Output each line of the data below exactly, omitting any image.

## Dataset excerpt
== Segment start ==

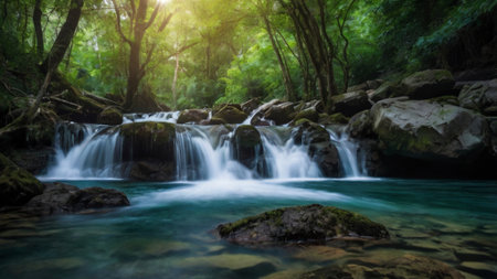 AI Generated. Water cascading down rocky cliffs creating a silky smooth waterfall
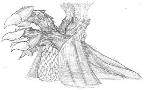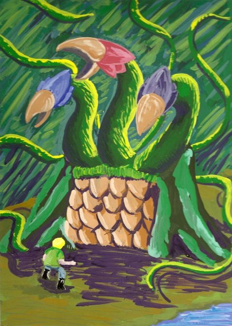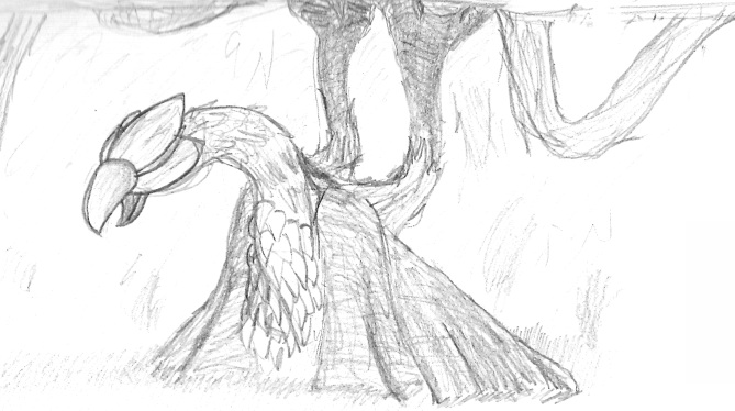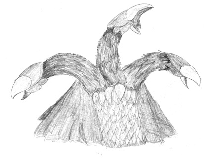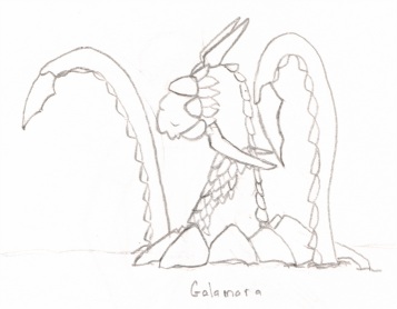 ![]() A one-headed Galamara. A more level side-view. Crude colored pencil sketch of Galamara's head to demonstrate the color scheme. An alternate Galamara design that has three heads. The petals on their heads from left to right would be blue, pink, and purple. Three-headed version from the side, includes the trunks that go into the ceiling. The very first Galamara drawing I did. You've come a long way, baby. |
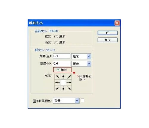 3、点图像一画布大小:(调宽:0.4厘米,高:0.4厘米)点确定(如下图)
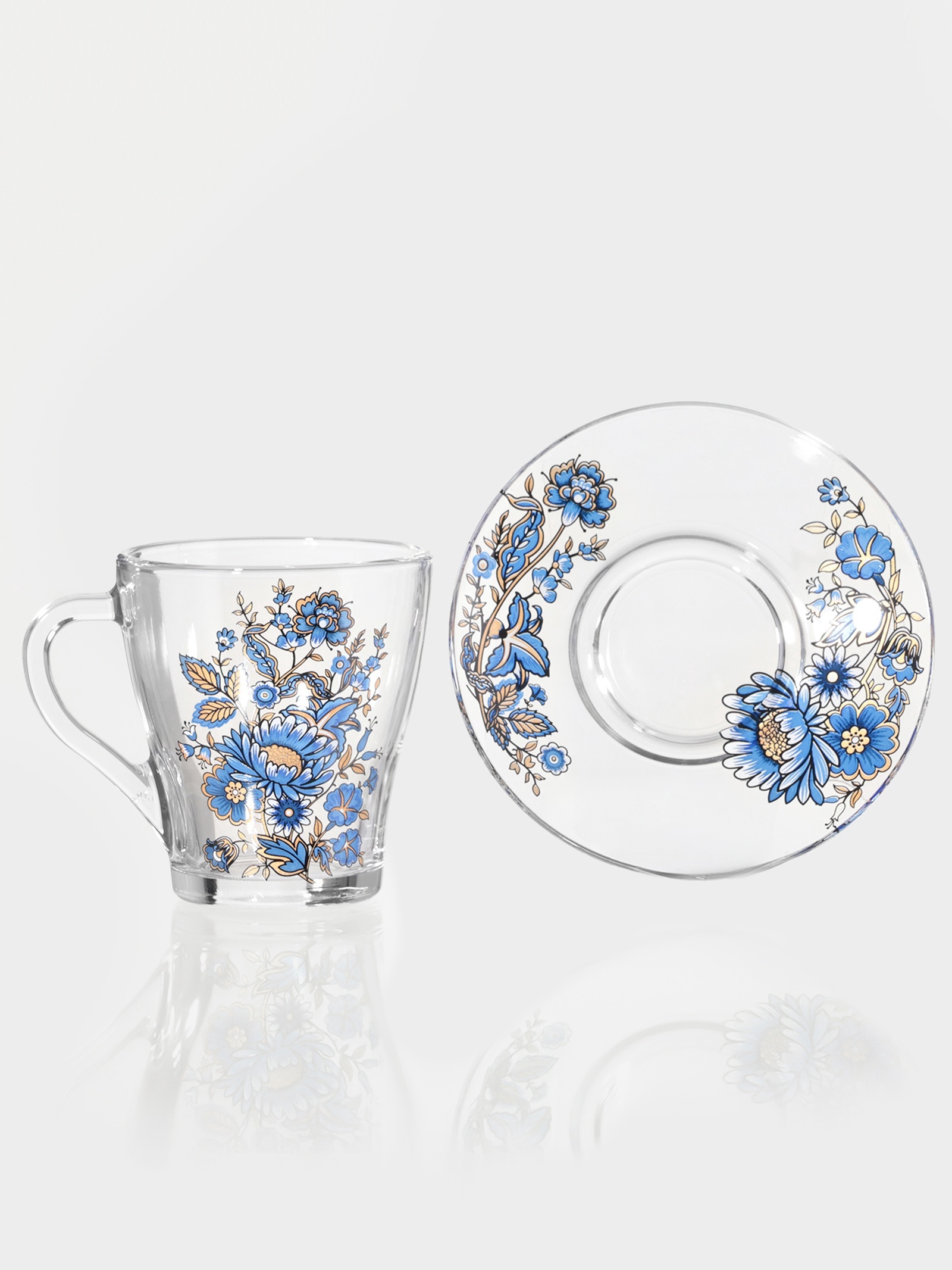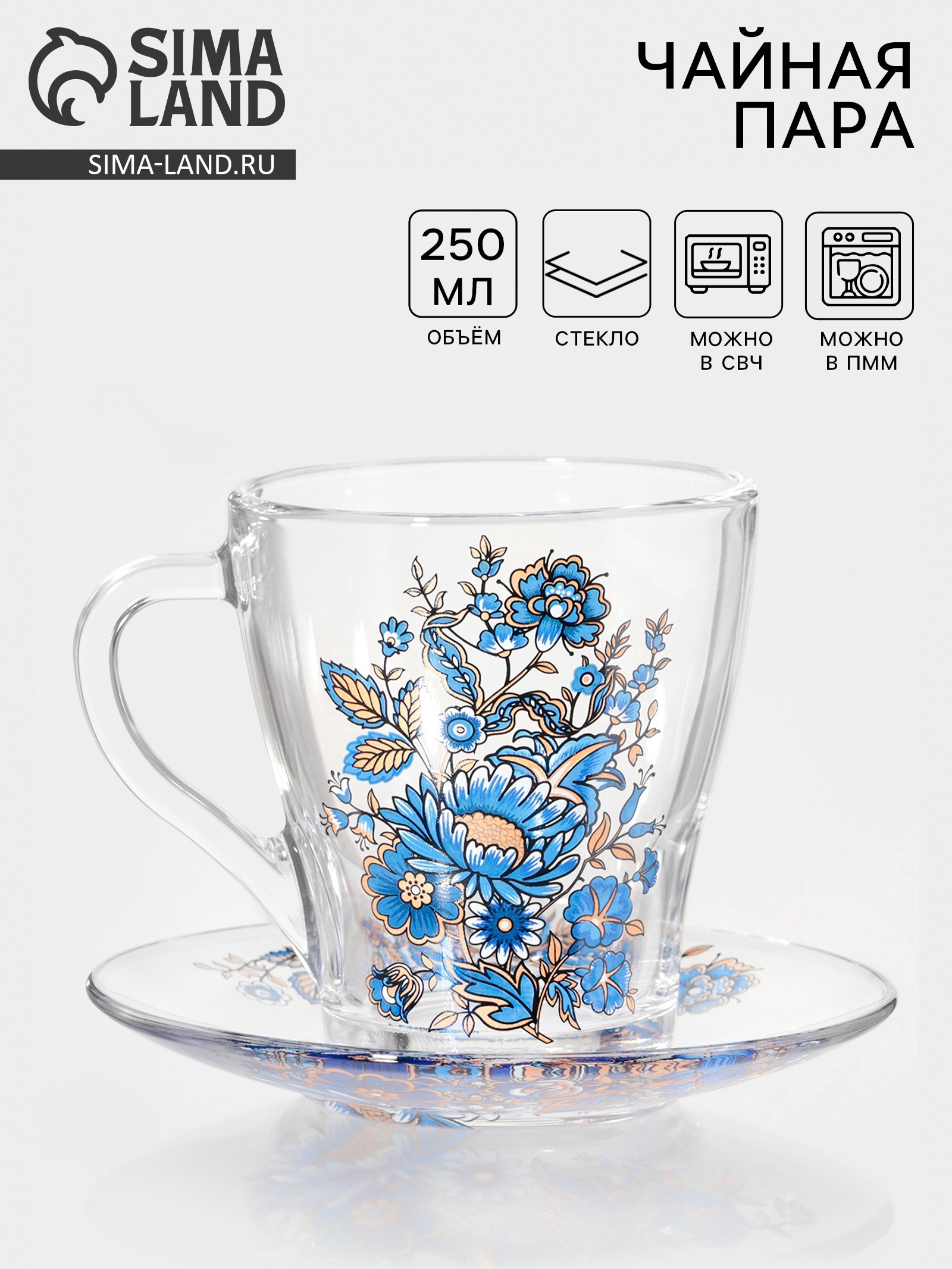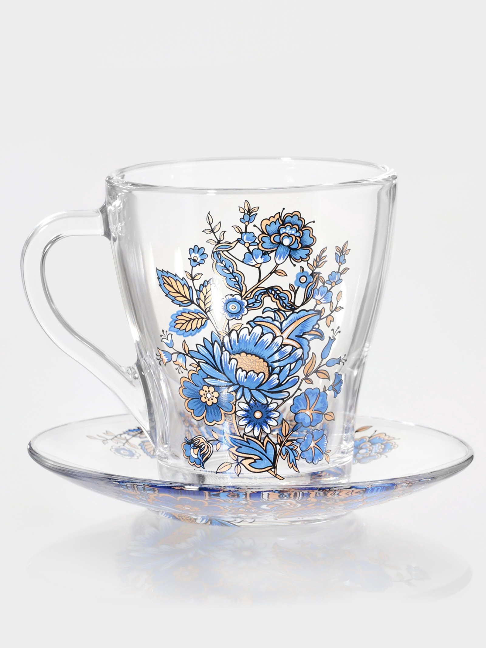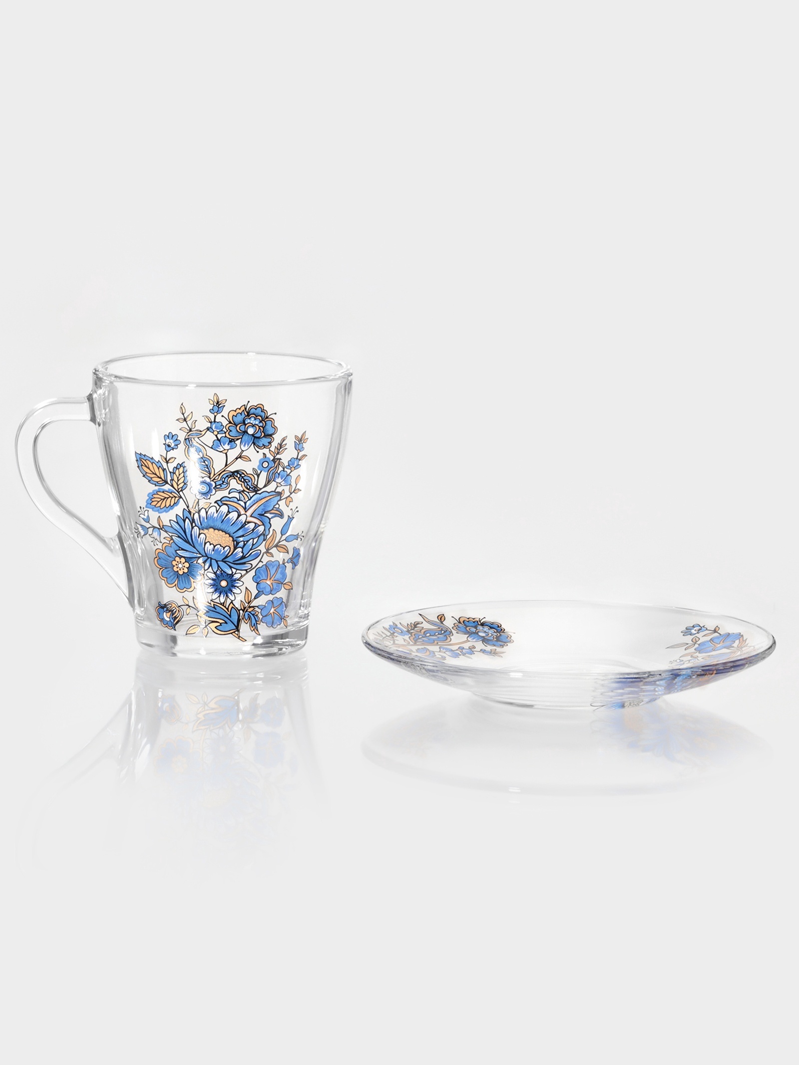 Чайная пара декостек «милори», 270 мл, стекло, прозрачная, голубая

== Segment end ==

## Response area
 AI Generated. Water cascading down rocky cliffs creating a silky smooth waterfall
 ![]() A one-headed Galamara. A more level side-view. Crude colored pencil sketch of Galamara's head to demonstrate the color scheme. An alternate Galamara design that has three heads. The petals on their heads from left to right would be blue, pink, and purple. Three-headed version from the side, includes the trunks that go into the ceiling. The very first Galamara drawing I did. You've come a long way, baby. |
 3、点图像一画布大小:(调宽:0.4厘米,高:0.4厘米)点确定(如下图)
 Чайная пара декостек «милори», 270 мл, стекло, прозрачная, голубая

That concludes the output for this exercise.